Su nombre era Annie Chapman, tenía 47 años,
y se dedicaba a la prostitución. Su cadáver estaba completamente cubierto por
una sábana blanca en la que se apreciaban grandes cercos de sangre que, al ser
retirada, dejó a la vista un cuello salvajemente abierto de parte a parte dos
con dos profundos cortes. Su cabeza aún estaba débilmente unida a su cuerpo por
un escaso trozo de carne. Su vientre había sido abierto, sin duda, con una
exquisita precisión quirúrgica, sobre él habían sido colocadas las vísceras
sustraídas.
Al igual que la primera vez, sentí un
ligero sabor a bilis en la boca. Había visto cientos de cadáveres en mi vida,
muchos de ellos pertenecientes a personas que había tenido la desgracia de
sufrir una muerte bastante cruenta, pero aquello era diferente… Los ojos aún
abiertos de aquella desdichada mujer, con casi la totalidad de su cuerpo teñido
de sangre, era superior a mi fortaleza mental.
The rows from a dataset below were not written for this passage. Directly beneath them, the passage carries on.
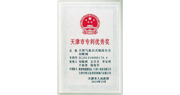 贝特尔分别获得国家知识产权局颁发的两项发明专利,《天然气旋启式轴流安全切断阀》和《集成超压、欠压、手动、远程控制于一体的安全切断阀指挥器》。两项发明专利为天然气管道输送中的关键设备-安全切断阀增加了多种功能,并提高了其安全系数。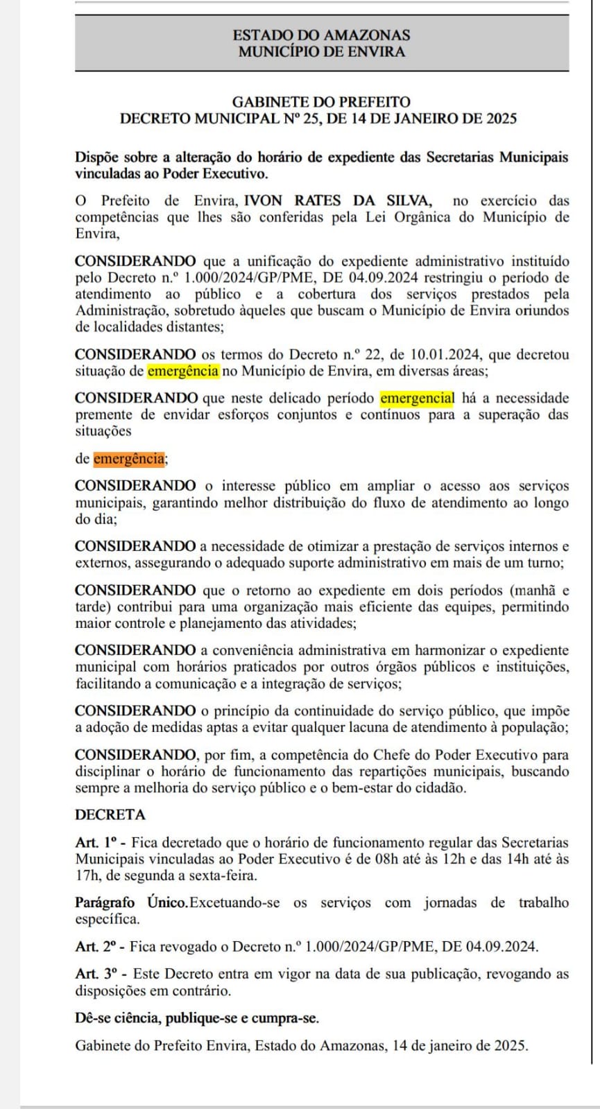 O prefeito eleito de Envira, Ivon Rates da Silva (PSD), decretou, por meio do Diário Oficial, situação de emergência no município. O decreto, assinado no dia 14 deste mês, prevê a otimização de serviços internos e externos, assegurando o adequado suporte administrativo em mais de um turno, o retorno do expediente em dois períodos, nos horários da manhã e da tarde, restringindo o período de atendimento ao público e consequentemente os horários dos serviços prestados.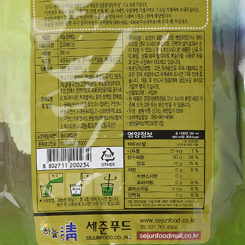 하늘청 매실차(농축5배_NEW 780g/EA)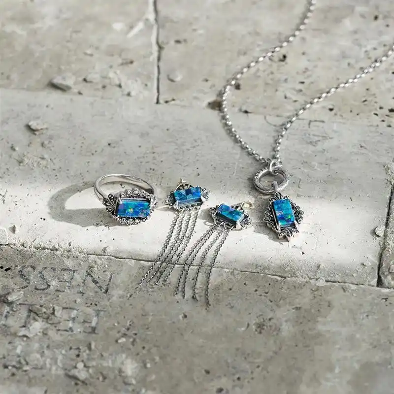天然のオパールのかけらを隙間なく敷き詰めたモザイクオパールは、それぞれの破片が異なる色彩を放ち、まるで1つの芸術作品のような唯一無二の輝き。 |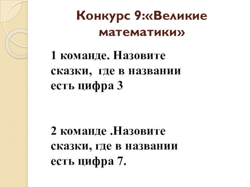 Конкурс 9:«Великие математики» 1 команде. Назовите сказки, где в названии есть цифра 3 2 команде .Назовите сказки,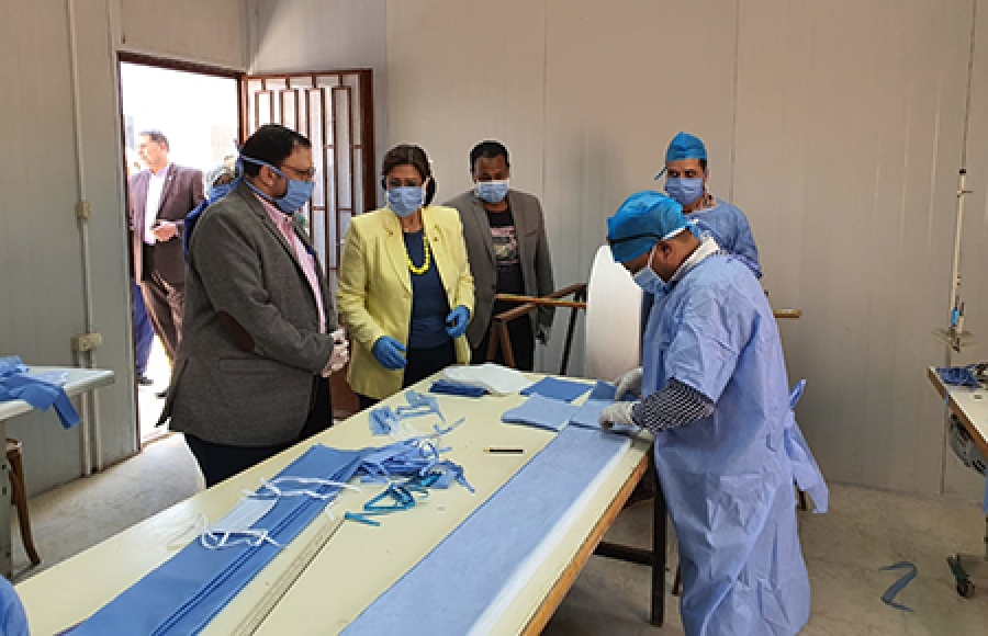 واشادت مصطفى بالجهود المبذولة من العاملين داخل الورش واصرارهم على العمل ساعات متواصلة لتصنيع الكمامات وتوفيرها للمواطنين والمجتمع المحيط.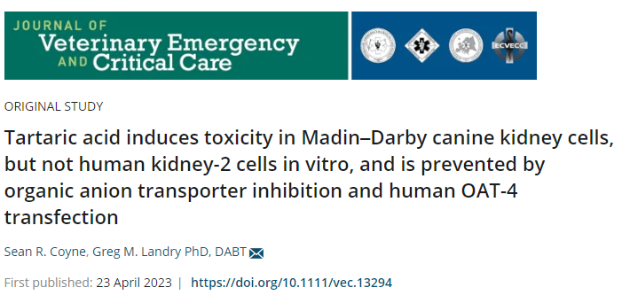 이번에 나온 응급의학회 학술지에서는 사람세포와 개의 세포를 가지고 tartaric acid가 어떻게 독성을 보이는지를 실험한 결과를 보고했다.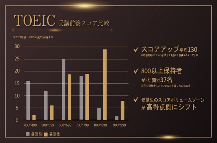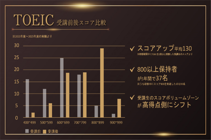 • TOEIC平均:+130点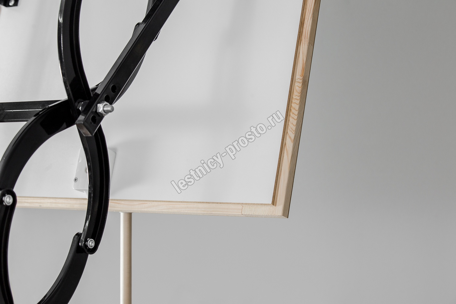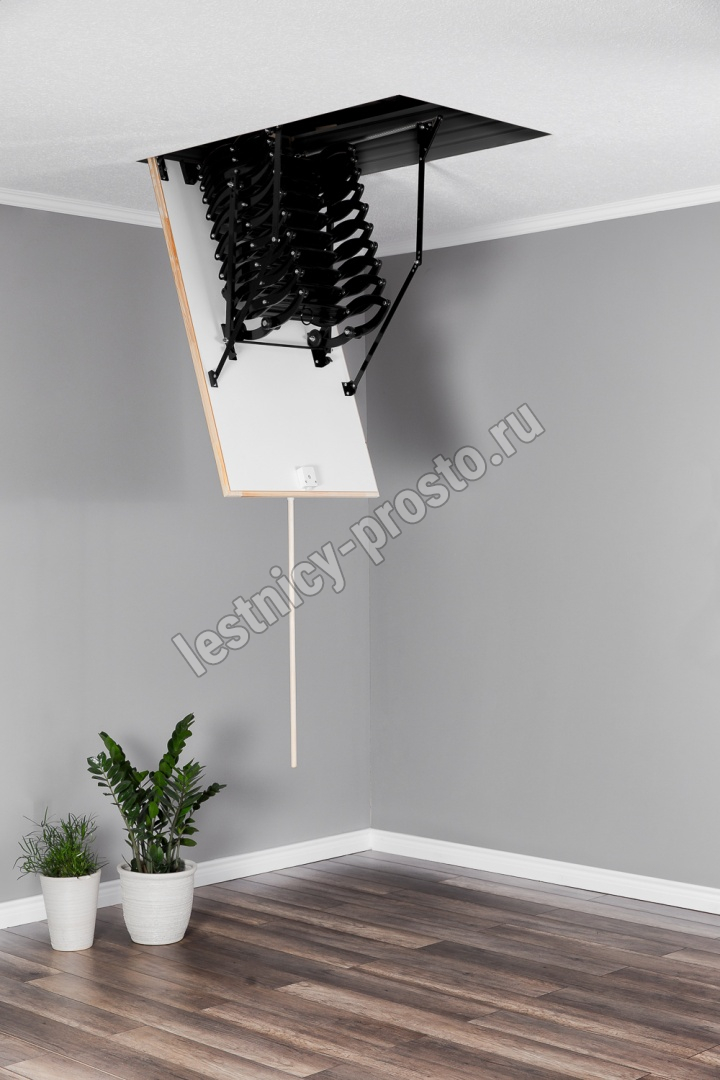 Все элементы лестницы выполнены из экологически чистых материалов и обработаны веществами, не содержащими тяжелых металлов. На ступенях антискользящие насечки. Короб лестницы изготовлен из металла. Термоизоляционная крышка типа "сэндвич" утеплена пенопластом, облицована с двух сторон ДСП белого цвета. Короб люка с уплотнителем. В комплекте деревянный стержень для открывания лестницы.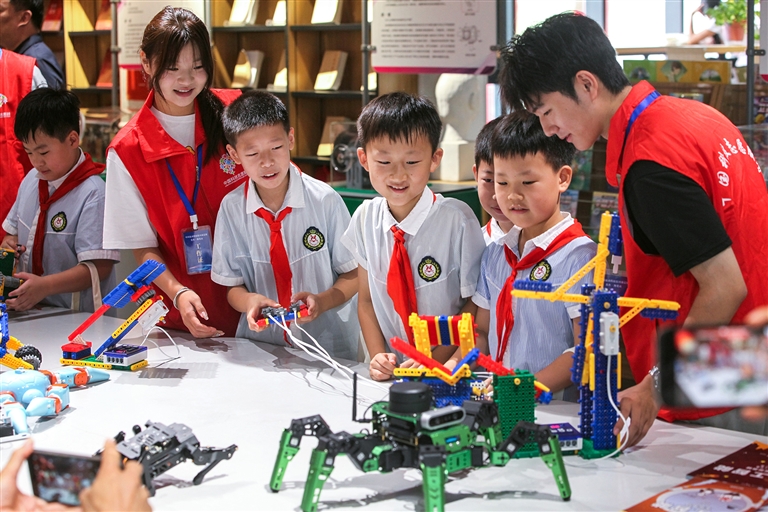 在河南省科技馆担任科技辅导员的姜丽佳从事机器人编程教学工作,在此之前,她曾长期在北京一所学校担任科学老师。姜丽佳告诉记者,一个新的展示课程往往需要2~3个科技辅导员为一组研发,并经过多轮的修正审核直至课程成熟,这个过程长达一个多月。“科技馆能接触更多数量和不同年龄段的孩子。在这里,我见证了孩子们从好奇到热爱、从模仿到创造的成长历程。”她说。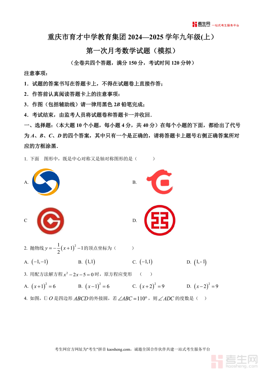 《精品解析:重庆市育才中学教育集团2024-2025学年九年级上学期第一次月考数学试题(模拟)(原卷版).docx》是一份针对九年级上学期数学阶段性考核设计的高质量备考资料,严格遵循重庆市育才中学教育集团月考命题规范,涵盖选择题(10小题40分)、填空题(8小题32分)、解答题(8小题78分)三大题型,总分值150分,考试时长设定为120分钟。资料聚焦九年级上学期核心知识点,包括二次函数顶点坐标求解、圆内接四边形性质、几何变换(旋转)应用、统计概率计算等,题目设置梯度合理,既考查基础概念掌握情况,又注重综合应用能力提升,能精准反映集团校月考命题趋势与难度水平。
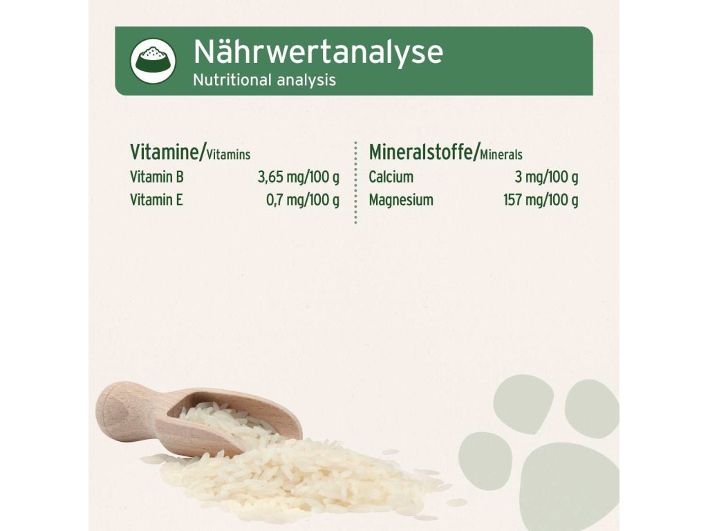 Pečlivé sušení a vzduchotěsné balení chrání cenné přírodní složky rýžových vloček, které jsou již oloupané a předvařené. Obsah tak zůstane déle čerstvý a vašemu miláčkovi dodá cenné živiny. Vločky mohou mít i podpůrný účinek při dietách.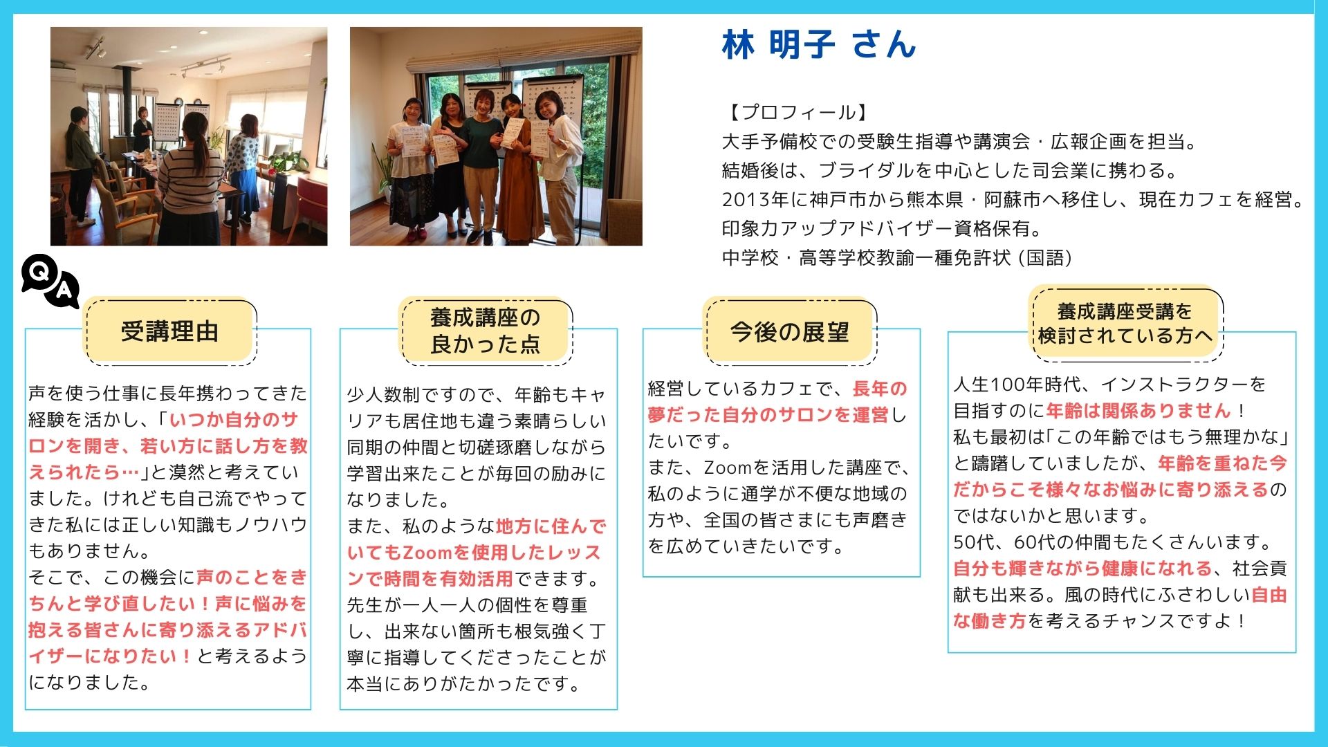 長い間声楽での発声が身に付いており、話すときの発声は違うことなど自分の声の癖に気づかせていただき、とても感謝しております。インストラクター合格が目的ではなく、その後のサポートもしっかりして頂けるのも魅力的です。(60代 女性)

El Agente de Scotland Yard, Jhon Aldrich,
había llamado a mi puerta a las 5 de la mañana, sacándome apresuradamente de la
cama. Me informó de que había tenido lugar un segundo asesinato en el distrito
de Withechappel unos minutos antes, en circunstancias muy extrañas y similares
a uno cometido la semana anterior, y por el que yo me había interesado
bastante. Aldrich me informó de que le interesaba profundamente mi experta
opinión como médico, y yo, sintiéndome como me había sentido toda la vida
atraído por tales casos, me ofrecí gustoso. Me da cierto reparo el reconocer mi
atracción por este tipo de cosas, pero es así, siempre ha sido así… ¿Para qué
engañarnos?
Lo primero que hice después de despedirme
de Aldrich, con el que había quedado en verme en pocos minutos en la morgue
para inspeccionar el cadáver, fue vestirme y solicitar la presencia de mi tan
extraño amigo del otro lado de la realidad. Realmente este era un caso digno de
un genio de su talla, y pensé que resultaría sumamente interesante su opinión
al respecto.
Nada más salir de casa, y mientras cerraba
la puerta principal con manos temblorosas, escuché algo detrás de los
matorrales de la entrada. A pesar de mi sobresalto inicial, no pude sentir un
ligero alivio al descubrir a mi joven amigo Robert, tan amante de las letras
como yo, que con rostro encharcado por el sudor y aliento entrecortado me
comunicó que ya se había enterado de aquel asesinato, y que él, y solamente él
era el culpable de todo.
En un principio no entendí nada, pues el chico
me prometió que ya me informaría de todo en su debido tiempo, por lo que por el
momento le permití acompañarme hasta la morgue señalada, lugar en el que
pudimos conocer a la mujer asesinada.
Amablemente le pedí a Aldrich que nos
dejara a solas con el cadáver, momento que aproveché para dar paso a la
habitación a mi esperado invitado. Robert, nada más verlo entrar, retrocedió
unos pasos hasta dejarse caer en la silla más alejada de la sala. Evidente era
el temor que el recién llegado despertaba en él, ya que, al igual que yo,
conocía perfectamente su extraña procedencia.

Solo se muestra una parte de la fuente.